Quem conheceu Naomi Campbell, Cindy Crawford, Linda Evangelista e Christy Turlington no auge, quando elas reinavam absolutas em matéria de padrão de beleza e estilo, poderia até ter a impressão que elas saíram de um conto de fadas. A série desfaz essa impressão ao mostrar que elas vieram de famílias de classe média baixa, operárias e da zona rural. Começaram muito cedo, ainda adolescentes, como é de praxe nesta profissão, para angústia dos pais que, via de regra, nem sabiam que ser modelo era um trabalho.
Condizente com o tema, a série esbanja imagens legais das décadas de 1980 e 90, entrevista muitos fotógrafos, jornalistas e estilistas como Marc Jacob, John Galliano, além de mostrar personagens icônicos como Gianni Versace e Karl Lagerfeld.
Freedom! foi uma consagração na carreira delas
A tragédia de Versace, aliás, quando o estilista foi assassinado em 1997, é um ponto de virada na história. Versace era rebuscado e valorizava o glamour e a beleza. Depois dele, coincidência ou não, a moda passou a apostar em estilos mais despojados e minimalistas. Até mesmo o perfil das modelos mudou, ganhando espaço rostos considerados mais “neutros”, mais andróginos, não tão “perfeitos” como os das supermodelos.
Outro marco desta virada, foi a explosão do grunge em 1992. Importante pontuar, antes, que o vídeo clipe da música Freedom!, do cantor George Michael, de 1990, foi uma espécie de consagração na carreira delas. O vídeo, dirigido pelo cineasta David Fincher, mostra as modelos cantarolando “I won’t let you down, I will not give you up” em um apartamento vazio em tom intimista. O jogo de poses, de caras e bocas, com a luz certa e música instigante, tudo editado com muito refinamento pelo diretor de Seven, fez daquela pequena obra de pouco mais de seis minutos a síntese estética da virada da década de 1980 para 1990. Uma faxina simbólica varreu o excesso new wave, os mullets, as ombreiras e a maquiagem de gosto duvidoso. O que sobrou foi uma elegância essencial em uma atmosfera cult que o vídeo captou com precisão.

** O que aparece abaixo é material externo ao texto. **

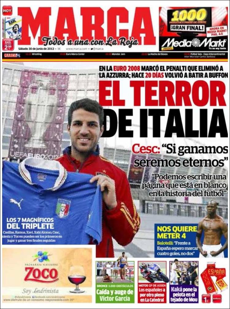 MARCA ITALIA – Fabregas è la bestia nera dell’Italia. Venti giorni fa fu lui a pareggiare il gol di Di Natale.
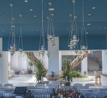 A tantalising selection of Mediterranean cuisine with bags of Greek flavour is the order of the day at the two onsite restaurants. The first spot is by the pool, serving buffet breakfasts and à la carte lunches, while the rooftop bar and restaurant opens its doors for dinner, offering a menu with an emphasis on net-fresh seafood. Evening tipples, meanwhile, are best enjoying the Library Bar, where you’ll find an impressive selection of wines and cocktails.

Mas Versace se foi e o grunge chegou atropelando toda a delicadeza do clima Nouvelle Vague reeditado no início dos 90´s. A carreira das supermodelos não durou. Na série fala-se na queda do Muro de Berlim como um evento que proporcionou a vinda de novas adolescentes esguias para ser modelos no ocidente. Fala-se sobre a crise econômica como um evento que derrubou o glamour e o exclusivismo da moda. Vem daí a força do grunge, com sua mensagem libertadora e para todos.
O fato é que os anos passaram e a história de Naomi, Cindy, Linda e Christy mostra que a mundo da moda oferece uma vida fugaz.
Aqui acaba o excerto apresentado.